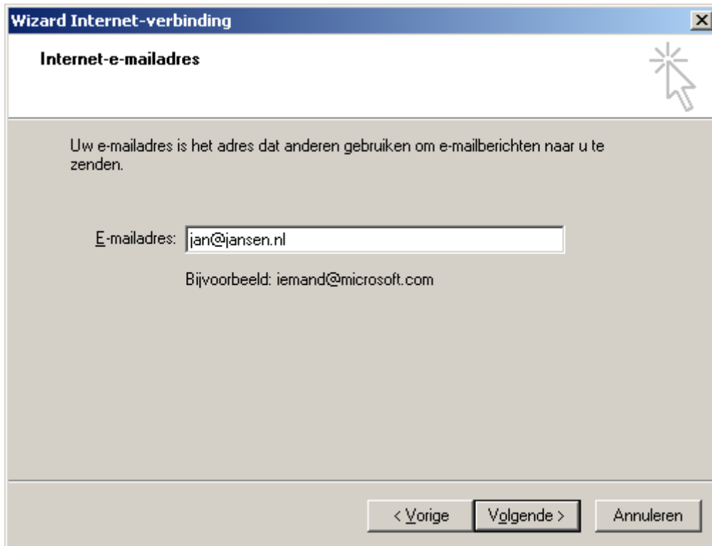
figuur 3: invoeren e-mailadres

U kunt hier het e-mail adres invullen waarvoor dit account bedoelt is. En druk op Next of Volgende .
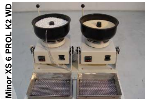
Minor XS 6 PRO K2 WD
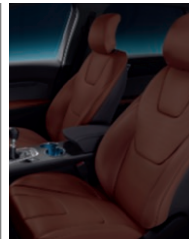
Cuir micro perforé Salerno (Non disponible)
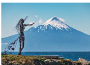
Puerto varas 📍
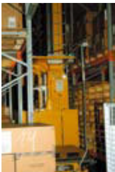
Zautomatyzowane hale magazynowe
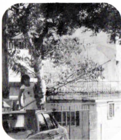
▲こん虫採集も夏休みの宿題の一つ
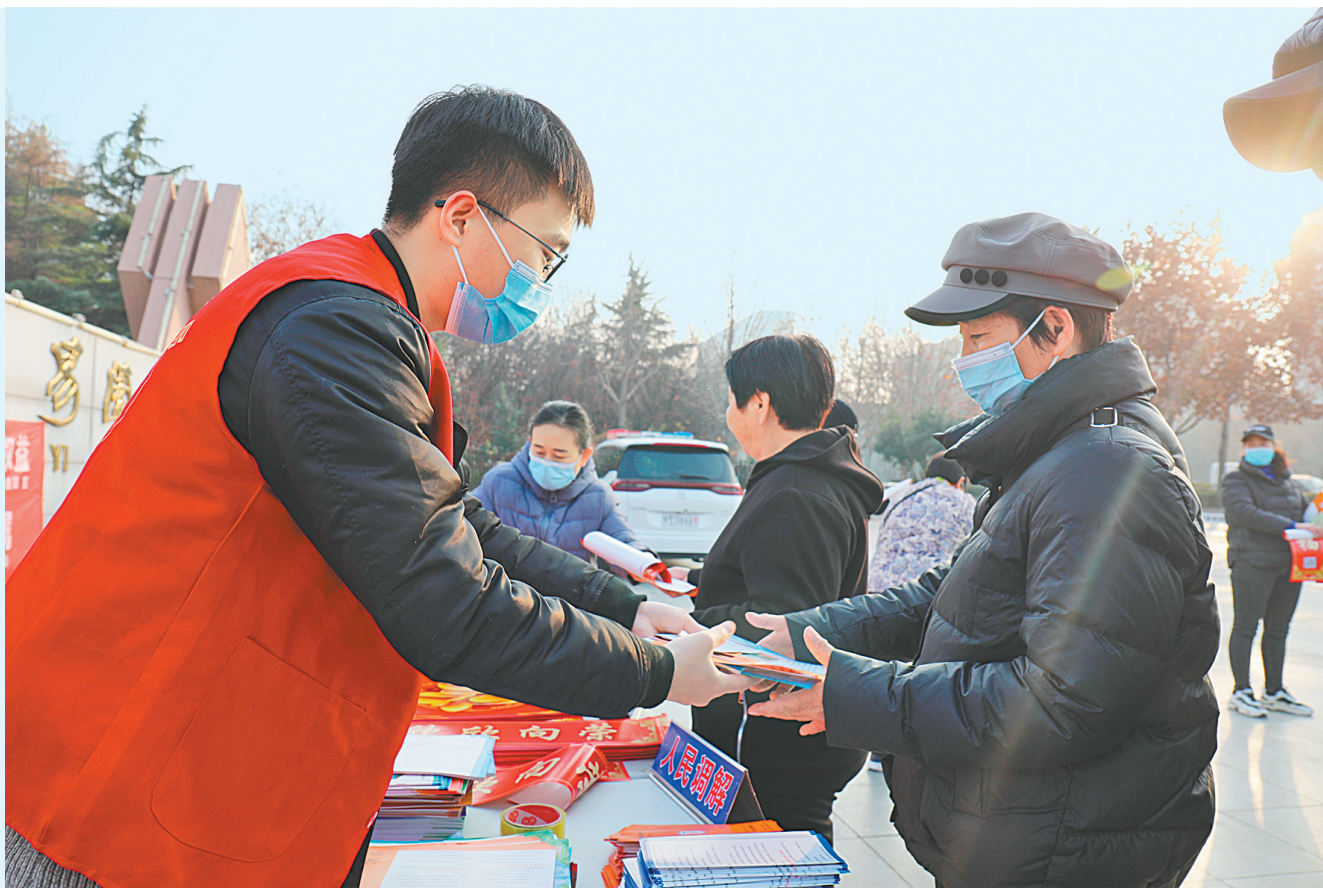
→12月9日,文峰区司法局在易园西门开展“三零”创建暨法律援助法宣传活动。活动现场,工作人员通过摆放宣传展板、悬挂横幅、发放宣传资料等方式,向群众宣传“三零”创建、法律援助等知识,现场为群众讲解“三零”创建的内涵、意义,提供法律咨询,普及法律知识,引导群众自觉遵守法律法规,形成办事依法、遇事找法、解决问题用法、化解矛盾靠法的法治氛围。

▶ Problem statement: Take the line containing "Cuir micro perforé Salerno (Non disponible)" and every line after it to the end of the records, and restate them verbatim, with no pictures.

▶ Answer area:
Cuir micro perforé Salerno (Non disponible)
Puerto varas 📍
Zautomatyzowane hale magazynowe
▲こん虫採集も夏休みの宿題の一つ
→12月9日,文峰区司法局在易园西门开展“三零”创建暨法律援助法宣传活动。活动现场,工作人员通过摆放宣传展板、悬挂横幅、发放宣传资料等方式,向群众宣传“三零”创建、法律援助等知识,现场为群众讲解“三零”创建的内涵、意义,提供法律咨询,普及法律知识,引导群众自觉遵守法律法规,形成办事依法、遇事找法、解决问题用法、化解矛盾靠法的法治氛围。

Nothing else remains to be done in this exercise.